Summer 2023 was quite an eventful summer in and around the Arctic, with record warmth at both weather and climate timescales, record wildfire in northern Canada and heavy precipitation in some areas.
Temperatures around the Arctic for summer 2023 as a whole (Fig.1) were generally above the 1991-2020 average in most land areas except for eastern Baffin Island, Canada and small portions Chukotka (Russian far northeast) and southwest Alaska. A large portion of northwest Canada had the warmest summer of record. A prominent feature of Fig. 1 is that over most high Arctic ocean areas the summer 2023 temperatures were within 0.5° C of average.

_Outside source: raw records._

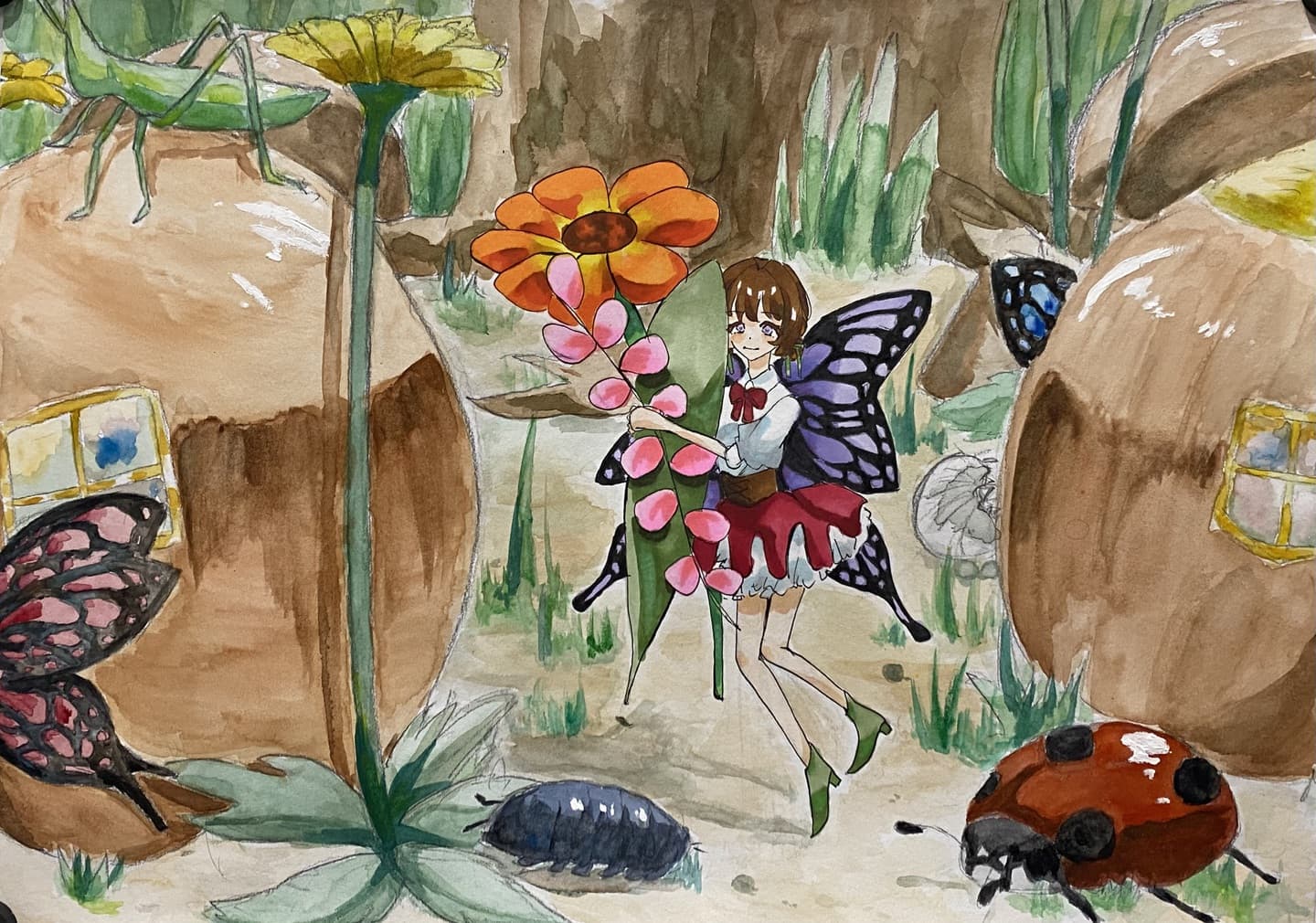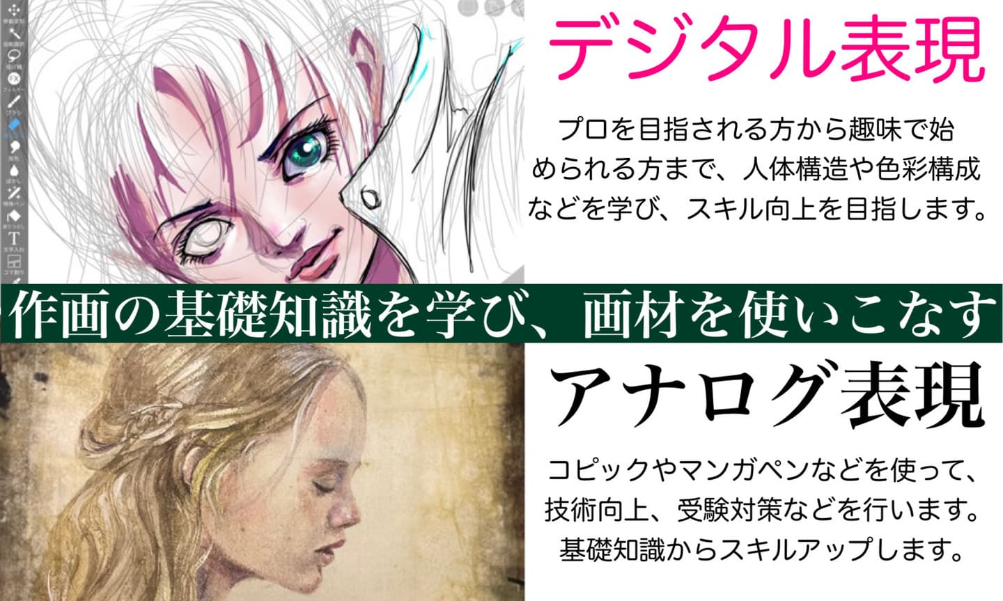 コンクール出品作品のほとんどは自由表現です。デッサンの授業とは違い、心のままに描いていただきます。講師陣は本人が行いたい表現を画面に表せるかのお手伝いを行います。
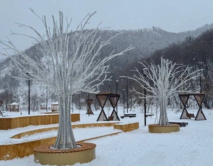 Новый экопарк «Зеленая гавань» в Холмске украсили к Новому году
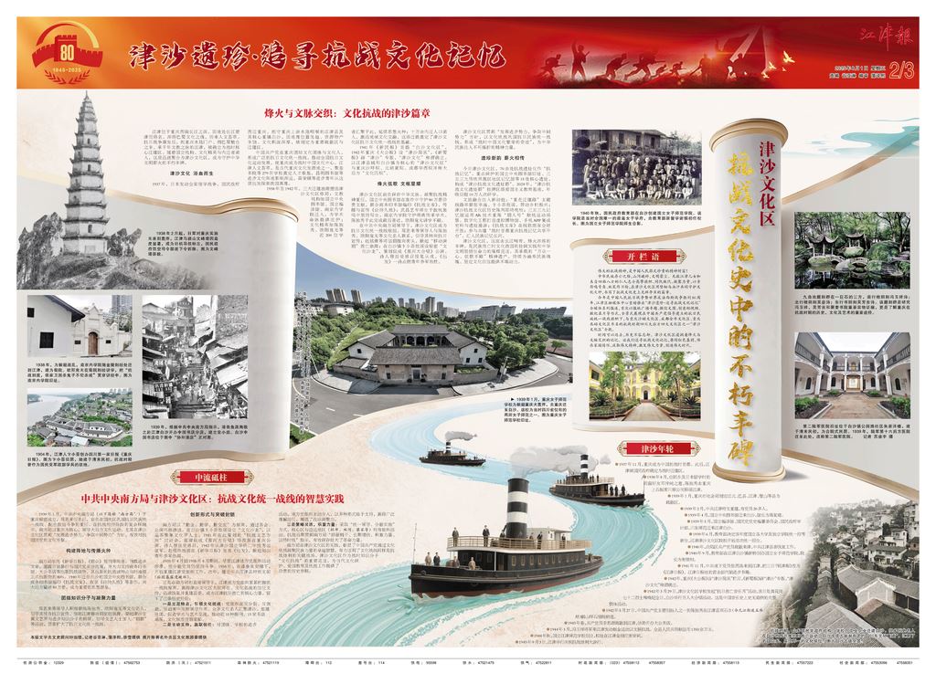 7476 次浏览 08-01开栏语:伟大的抗战精神,是中国人民弥足珍贵的精神财富!中华民族存亡之际,山河破碎,文明蒙尘。无数江津儿女和来自四面八方的仁人志士高擎旗帜、同仇敌忾、凝聚力量,以音符鸣号角、纸笔作刀枪,在津沙文化区用坚

This is not an artifact of the reanalysis: temperatures over the ice pack in the high Arctic rarely deviate far from average in summer because the heat goes into melting ice and snow instead of raising the air temperature. It takes energy to change the phase of water from solid to liquid even though there is no change in temperature and is known as the latent heat of fusion.

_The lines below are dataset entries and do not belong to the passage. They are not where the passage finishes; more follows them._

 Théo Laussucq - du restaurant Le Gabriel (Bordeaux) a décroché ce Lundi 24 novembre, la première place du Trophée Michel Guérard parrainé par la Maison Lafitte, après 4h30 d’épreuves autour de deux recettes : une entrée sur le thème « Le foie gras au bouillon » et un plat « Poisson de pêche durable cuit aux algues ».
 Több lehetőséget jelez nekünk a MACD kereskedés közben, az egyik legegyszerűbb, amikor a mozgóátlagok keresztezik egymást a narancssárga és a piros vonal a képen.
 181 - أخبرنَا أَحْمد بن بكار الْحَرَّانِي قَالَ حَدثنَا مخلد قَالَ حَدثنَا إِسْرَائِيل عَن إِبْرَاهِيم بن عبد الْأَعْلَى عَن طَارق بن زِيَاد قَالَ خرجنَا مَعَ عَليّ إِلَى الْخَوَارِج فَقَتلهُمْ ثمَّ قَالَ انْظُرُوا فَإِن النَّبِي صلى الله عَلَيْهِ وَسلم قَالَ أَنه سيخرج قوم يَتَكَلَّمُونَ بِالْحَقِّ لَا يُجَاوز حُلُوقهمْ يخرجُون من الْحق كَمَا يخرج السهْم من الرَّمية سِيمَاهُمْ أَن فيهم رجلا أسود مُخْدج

Figure 2 plots the time series of Arctic-wide summer temperatures since 1940. For the Arctic as a whole (land and ocean poleward of 60°N), the average temperature this summer was the second highest on record: 2016 was very slightly warmer.

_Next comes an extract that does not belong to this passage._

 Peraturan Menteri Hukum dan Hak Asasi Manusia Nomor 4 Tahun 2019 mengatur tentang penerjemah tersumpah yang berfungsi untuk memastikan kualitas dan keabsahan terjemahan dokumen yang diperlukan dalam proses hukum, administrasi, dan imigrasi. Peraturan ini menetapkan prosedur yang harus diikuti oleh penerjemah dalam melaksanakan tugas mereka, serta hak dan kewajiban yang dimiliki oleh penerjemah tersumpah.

The trend in Arctic summer temperatures has been remarkably steady in recent years. Four of the past five summers have been warmer than any summer was prior to 2016 and 18 of the 20 warmest summers since 2000 in ERA5 reanalysis.
Precipitation
Precipitation (rain plus the liquid equivalent of snow or other frozen precipitation) often varies dramatically over relatively short distances, even when aggregated over months. The most conspicuous departures from average of summer 2023 precipitation, shown in Fig. 3, are the large comparatively large areas in Scandinavia, Greenland and Alaska with well above normal precipitation. For Greenland, helped along by a very snowy June over much of the ice sheet, this was the highest summer total precipitation in the ERA5 reanalysis, at 142 percent of 1991-2020 average.
Parts of the northwest Canada and eastern Siberia were unusually dry during the summer and this contributed to the extensive wildfire in these regions. This was especially in Northwest Territories, Canada, where 2023 has burned over 3.7 million hectares and is now the largest area burned since 1980 and forcing evacuations in a number of communities, including Yellowknife.
Greenland
For summer 2023 the average daily melt area on the Greenland ice sheet was the second highest on record, behind only 2012. For additional details of daily melt of the ice sheet see my post from late August here. There is of course year-to-year variability, but as the smoothed average shown in Fig. 4 shows, the multi-year average daily melt area has been fairly steady for about 15 years.
Figure 5 plots the daily surface mass balance for the 2022-23 snow year, which by convention for Greenland runs from September 1 to August 31. Above normal snow through most of June is evident with mass gain continuing more than two weeks after the average date when more melt is occurring than being replaced by new snow.